On Mon, Jan 27, 2025 at 6:09 AM Will Deacon <will@xxxxxxxxxx> wrote:
>
> On Fri, Jan 17, 2025 at 03:41:36PM +0000, Will Deacon wrote:
> > On Wed, Jan 15, 2025 at 05:00:11PM +0100, Peter Zijlstra wrote:
> > > On Wed, Jan 15, 2025 at 12:13:34PM +0100, Peter Zijlstra wrote:
> > >
> > > > Notably, it means refcount_t is entirely unsuitable for anything
> > > > SLAB_TYPESAFE_BY_RCU, since they all will need secondary validation
> > > > conditions after the refcount succeeds.
> > > >
> > > > And this is probably fine, but let me ponder this all a little more.
> > >
> > > Even though SLAB_TYPESAFE_BY_RCU is relatively rare, I think we'd better
> > > fix this, these things are hard enough as they are.
> > >
> > > Will, others, wdyt?
> >
> > We should also update the Documentation (atomic_t.txt and
> > refcount-vs-atomic.rst) if we strengthen this.
> >
> > > ---
> > > Subject: refcount: Strengthen inc_not_zero()
> > >
> > > For speculative lookups where a successful inc_not_zero() pins the
> > > object, but where we still need to double check if the object acquired
> > > is indeed the one we set out to aquire, needs this validation to happen
> > > *after* the increment.
> > >
> > > Notably SLAB_TYPESAFE_BY_RCU is one such an example.
> > >
> > > Signed-off-by: Peter Zijlstra (Intel) <peterz@xxxxxxxxxxxxx>
> > > ---
> > > include/linux/refcount.h | 15 ++++++++-------
> > > 1 file changed, 8 insertions(+), 7 deletions(-)
> > >
> > > diff --git a/include/linux/refcount.h b/include/linux/refcount.h
> > > index 35f039ecb272..340e7ffa445e 100644
> > > --- a/include/linux/refcount.h
> > > +++ b/include/linux/refcount.h
> > > @@ -69,9 +69,10 @@
> > > * its the lock acquire, for RCU/lockless data structures its the dependent
> > > * load.
> > > *
> > > - * Do note that inc_not_zero() provides a control dependency which will order
> > > - * future stores against the inc, this ensures we'll never modify the object
> > > - * if we did not in fact acquire a reference.
> > > + * Do note that inc_not_zero() does provide acquire order, which will order
> > > + * future load and stores against the inc, this ensures all subsequent accesses
> > > + * are from this object and not anything previously occupying this memory --
> > > + * consider SLAB_TYPESAFE_BY_RCU.
> > > *
> > > * The decrements will provide release order, such that all the prior loads and
> > > * stores will be issued before, it also provides a control dependency, which
> > > @@ -144,7 +145,7 @@ bool __refcount_add_not_zero(int i, refcount_t *r, int *oldp)
> > > do {
> > > if (!old)
> > > break;
> > > - } while (!atomic_try_cmpxchg_relaxed(&r->refs, &old, old + i));
> > > + } while (!atomic_try_cmpxchg_acquire(&r->refs, &old, old + i));
> >
> > Hmm, do the later memory accesses need to be ordered against the store
> > part of the increment or just the read?
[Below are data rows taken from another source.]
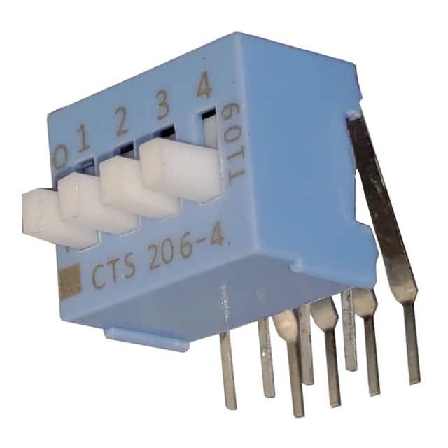 This is manufactured by CTS Electrocomponents. The manufacturer part number is 206-4RAES. Washable - no. It is assigned with possible HTSUS value of 8536.50.9065. The product is rohs3 compliant. The product offers long-lasting services of 10,000 cycles. Moreover, it has pc pin terminal style. The product has -55°c ~ 85°c operating temperature range. It is 0.400" (10.16mm) high above board. The product carries possible position value of 4. Features a raised actuator level. Moreover, the product has a nominal 24vdc voltage rating. In addition, it is reach unaffected. It is shipped in tube. Furthermore, the product is galvanized with excellent gold contact finishing. Its typical moisture sensitivity level is not applicable. Its accurate length is 0.486" (12.34mm). It has an integral spst circuit. It has a long 8 weeks standard lead time. Additionally, the product's output is 50ma The splendid features of the product include epoxy sealed terminals. The product is available in through hole, right angle configuration. The product 206ra, is a highly preferred choice for users. The product's body is nicely designed from plastic materials. The product carries slide (standard) actuator. Moreover, the product is 0.100" (2.54mm), full The product is designated with the ear99 code number
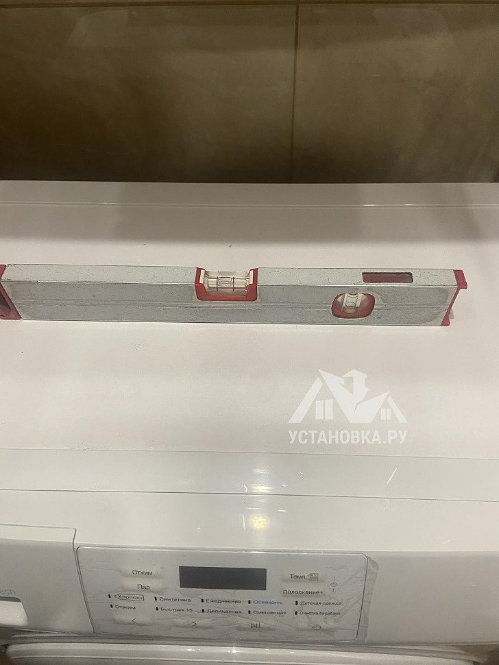 - Снятие транспортировочных креплений у стиральной машины, выравнивание по уровню.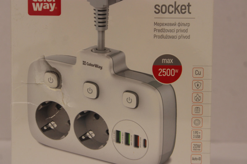 SALE OUT. ColorWay CW-CHE24PDW Power Socket: 2xEU plugs/3xUSB-A/1xUSB-C White 2.5M | ColorWay Power Socket | CW-CHE24PDW | DAMAGED PACKAGING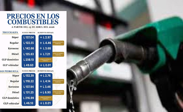 En San Pedro Sula, los precios también reflejan aumentos: la gasolina Súper costará L 132.39 (+ L 2.76), la Regular L 118.22 (+ L 4.14), el kerosene L 137.94 (+ L 3.46) y el diésel L 131.25 (+ L 6.90).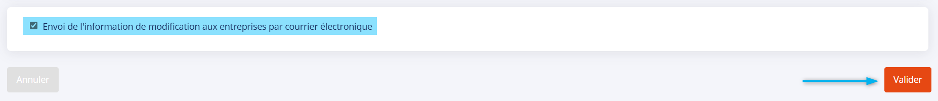 Afin de respecter les principes de la Commande Publique, cochez la case "envoi de l'information de modification aux entreprises par courrier électronique" qui se trouve en bas de votre écran, pour que toutes les entreprises qui ont retirées le DCE aient l'information.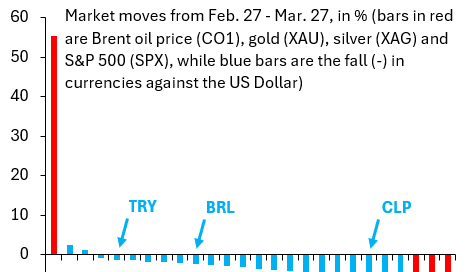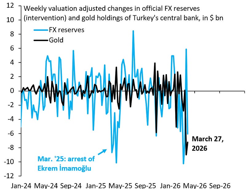 Factoring in gold, I estimate Turkey has intervened to the tune of $40 bn in March 2026 to defend the Lira. That's the same as in March and April 2025 after the arrest of Ekrem İmamoğlu, an episode that ended with a "step" devaluation of Turkish Lira...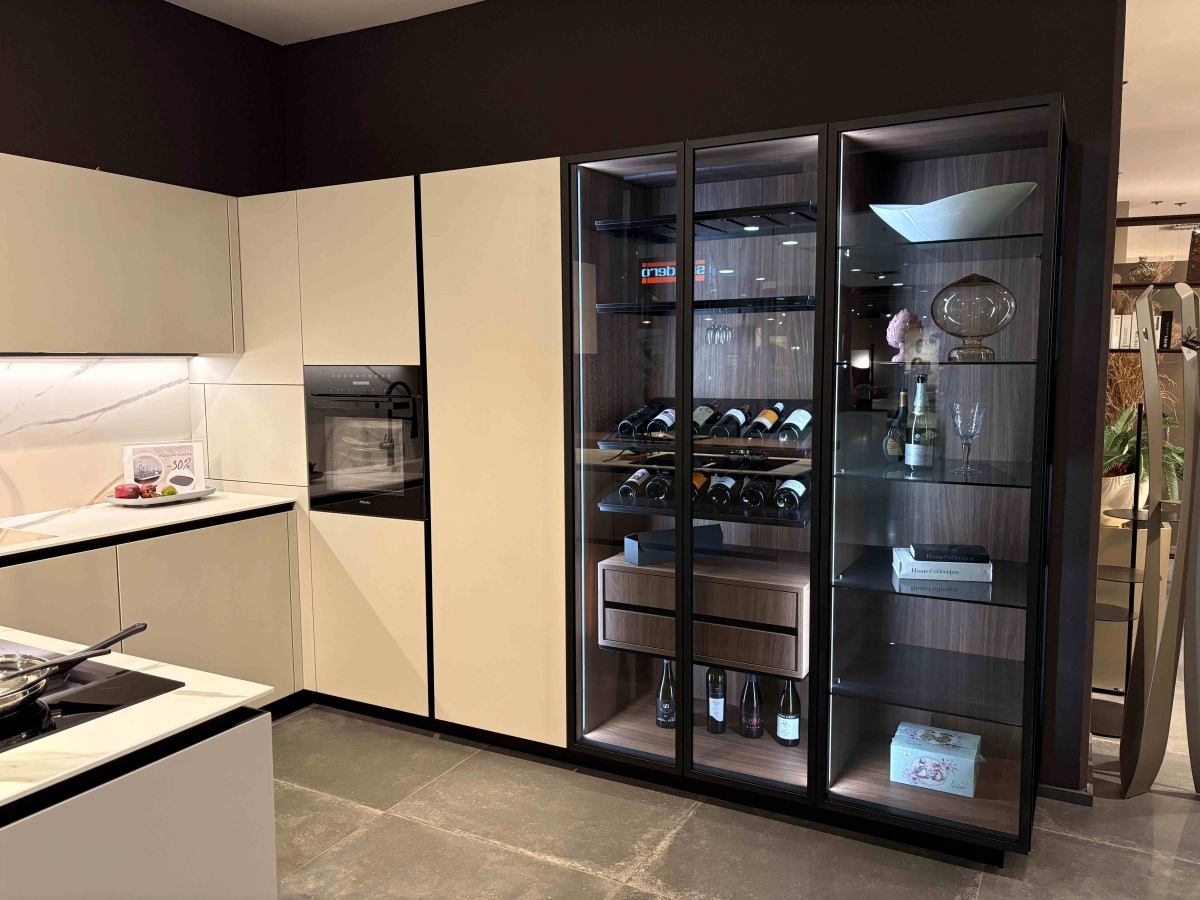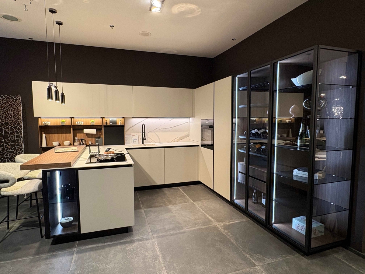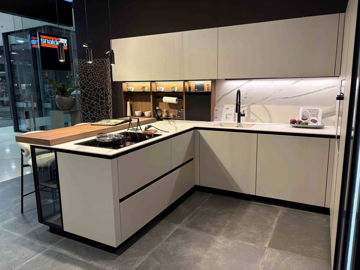 ODPRODAJA SE: kuhinja LINK v "U" postavitvi z polotokom. Fronte kuhinje so v kombinaciji mat Micalized laka v belo peščeni barvi in dodatkov v imitaciji oreha. Pult je izdelan iz keramike v videzu marmorja v katerega je integrirano pomivalno korito v istem materialu. Posebnost kuhinje Link so viseče omarice z električnim odpiranjem in Rialto vitrine z osvetlitvijo. Kuhinjski niz vsebuje plitve omarice t.i. E-Wall z odprtimi odlagalnimi površinami v videzu lesa in kombinacije črne kovine. Kuhinjski sestav vključuje tudi omaro za hladilnik, pečico in izvlečeno omaro za shranjevanje živil.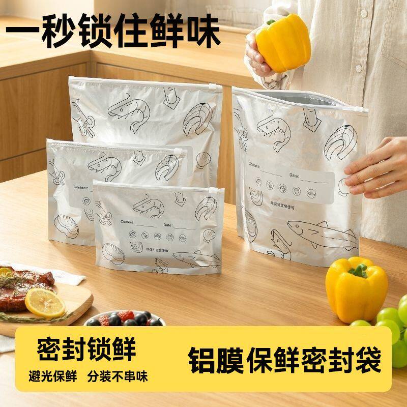 铝箔保鲜密封袋食品级冰箱家用冻肉蔬菜食物抗菌分装收纳袋拉链式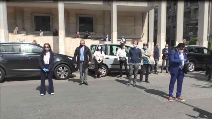 Si sono dati appuntamento nel piazzale De Marsico gli avvocati irpini del gruppo “Quelli del caffè nella zona rossa” nato su facebook durante la pandemia per chiedere al presidente del Tribunale a al procuratore della Repubblica l’immediata riapertura del tribunale e il ripristino delle normali attività giudiziarie dopo quasi 3 mesi. Tanti i professionisti che si sono alternati per far sentire la propria voce.
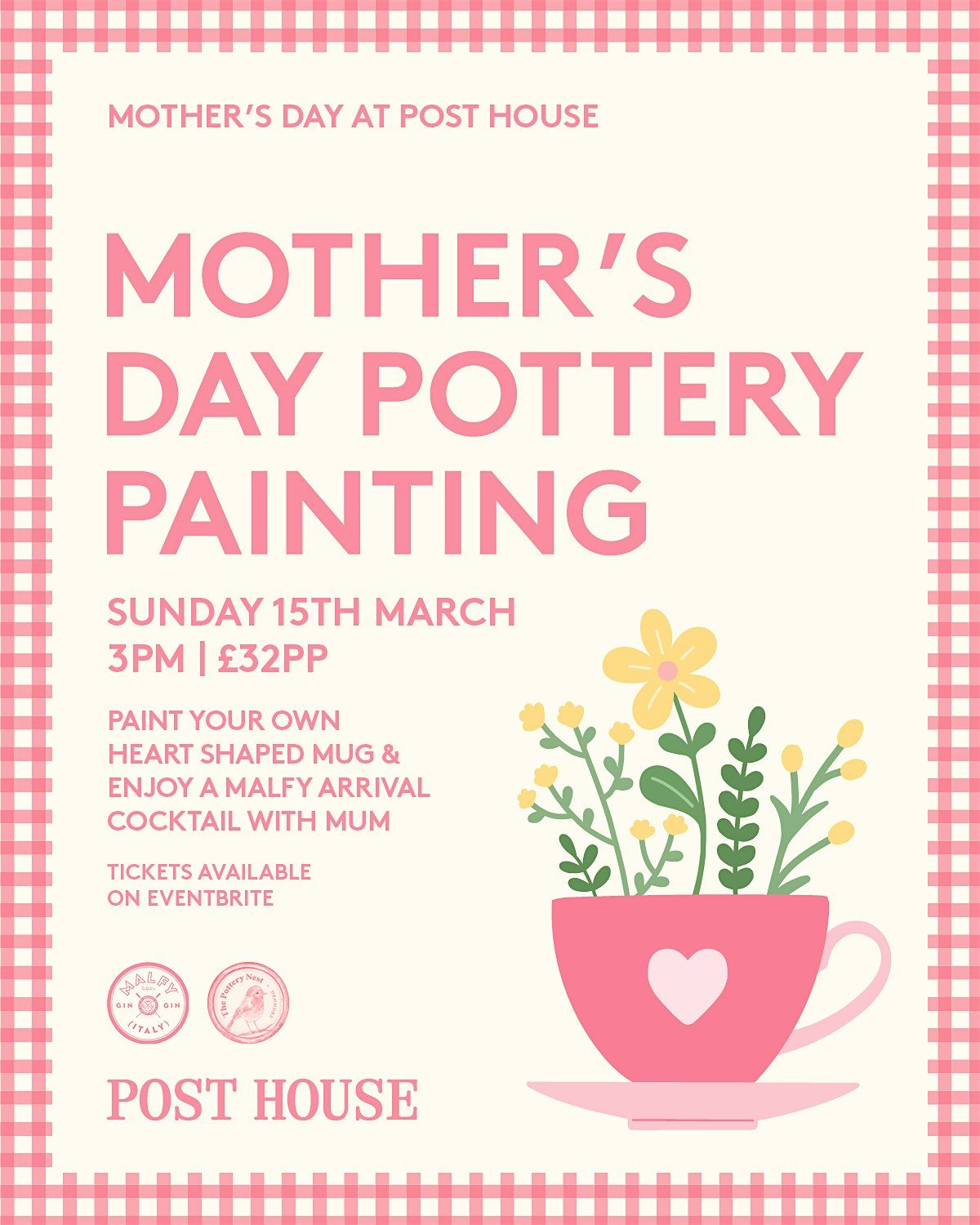 This Mother’s Day, join us in The Sorting Room for a cosy pottery painting session with The Pottery Nest. Create your own hand-thrown heart-shaped mug, enjoy an arrival Malfy cocktail, and spend some quality time together.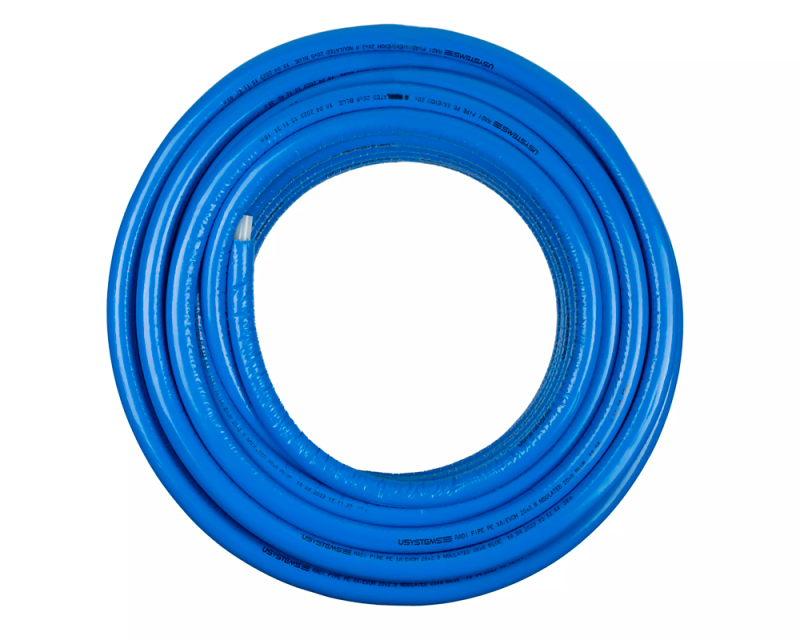 Usystems Труба Radi Pipe из сшитого полиэтилена PE-Xa с антидиффузионным слоем EVOH диаметром 20 мм, толщиной стенки 2,2 мм в теплоизоляции толщиной 6 мм. Поставляется в бухте 50 метров. Цвет трубы белый. Цвет изоляции синий. Рабочее давление 10 бар.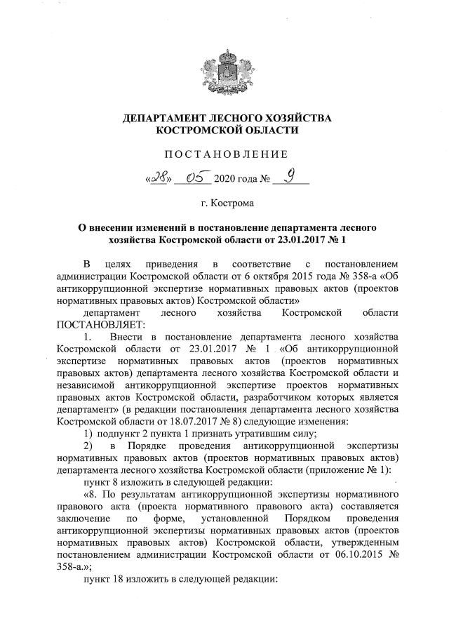 Постановление Департамента лесного хозяйства Костромской области от 28.05.2020 № 9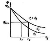 Поток в магнитопроводе нарастает с постоянной време­ни  , определяемой параметрами короткозамкнутого вит­ка  . Если перегрузка кратковременна и ее длитель­ность  , то поток к моменту  не достигнет значе­ния потока срабатывания и якорь останется неподвижным. Если  , то реле сработает.   Таким   образом, предотвращается отключение нагрузки (двигателя) при боль­ших, но кратковременных токовых перегрузках, не опасных для двигателя.

If it's the former, then I don't
> > think that _acquire is sufficient -- accesses can still get in-between
> > the read and write parts of the RmW.
>
> I dug some more into this at the end of last week. For the
> SLAB_TYPESAFE_BY_RCU where we're racing inc_not_zero() with
> dec_and_test(), then I think using _acquire() above is correct as the
> later references can only move up into the critical section in the case
> that we successfully obtained a reference.
>
> However, if we're going to make the barriers implicit in the refcount
> operations here then I think we also need to do something on the producer
> side for when the object is re-initialised after being destroyed and
> allocated again. I think that would necessitate release ordering for
> refcount_set() so that whatever allows the consumer to validate the
> object (e.g. sequence number) is published *before* the refcount.
Thanks Will!
I would like to expand on your answer to provide an example of the
race that would happen without release ordering in the producer. To
save reader's time I provide a simplified flow and reasoning first.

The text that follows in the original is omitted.